- Official Poster
- Directed by: Umang Vyas
- Written by: Dr. Vivek Bele; Uttam Gada; Aditya Rawal;
- Based on: Katkon Trikon by Vivek Bele
- Produced by: Ratan Jain; Ganesh Jain;
- Starring: Paresh Rawal; Manasi Parekh; Chetan Dhanani;
- Cinematography: Dhawalika Sing
- Edited by: Ketan Mandiwale
- Production company: Venus Films
- Release date: 4 March 2022;
- Running time: 138 minutes
- Country: India
- Language: Gujarati

= Dear Father (2022 film) =

Dear Father is a 2022 Indian Gujarati-language thriller drama directed by Umang Vyas. The film stars Paresh Rawal, Manasi Parekh and Chetan Dhanani in the lead roles. It was released on 4 March 2022.

== Plot ==
Young couple Ajay (Chetan Dhanani) and Alka (Manasi Parekh) and Ajay's elderly father (Paresh Rawal). Ajay is a lawyer and Alka teaches maths in a college.

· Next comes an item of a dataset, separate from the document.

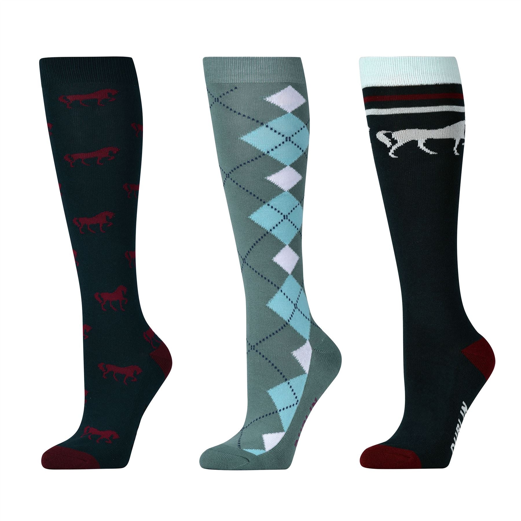 Pack of 3 pairs of high riding socks, made from a naturally breathable stretch cotton. Comes in assorted designs.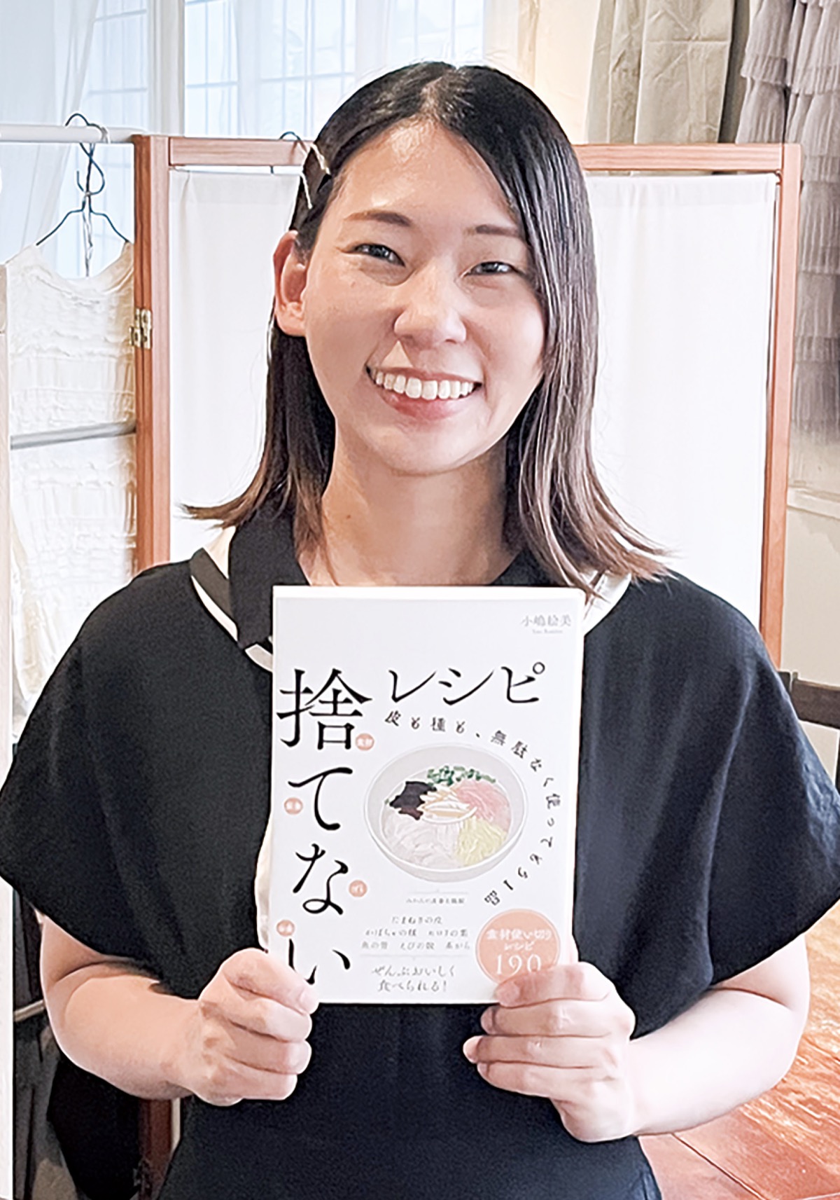 多摩地域で活動する、管理栄養士でフードライターの小嶋絵美さん=人物風土記で紹介=がこのほど、書籍『捨てないレシピ 皮も種も、無駄なく使ってもう1品』(サンクチュアリ出版)を出版した。たまねぎの皮やかぼちゃの種、セロリの葉、魚の骨などの捨てていた部分を使ったレシピが200点近く掲載され、なかにはたまねぎの皮による「たまねぎパウダー」、だいこんの皮を使った「切干大根」、アスパラガスの皮の「チーズおつまみ」、かぼちゃの種で「パンプキンシード」などが紹介されている。

They live as an average middle-class family. Behind the facade of a happy family, thing take a turn when are some mysteries revealed and secrets unfolded.

== Cast ==
- Paresh Rawal as Manu Mankad, Ajay's Father
- Manasi Parekh as Alka
- Chetan Dhanani as Ajay

== Reception ==
A critic from Cinestaan wrote that "The Gujarati feature will appeal to the older generation who will see themselves in Manu; the emotional family drama is Rawal’s show all the way". Subhash K. Jha from Firstpost wrote that "Dear Father has numerous faults. Its moral tone is distracting in its flexibility; we are supposed to dislike the father. But then we are supposed to like him for the same qualities which made him despicable in the first place".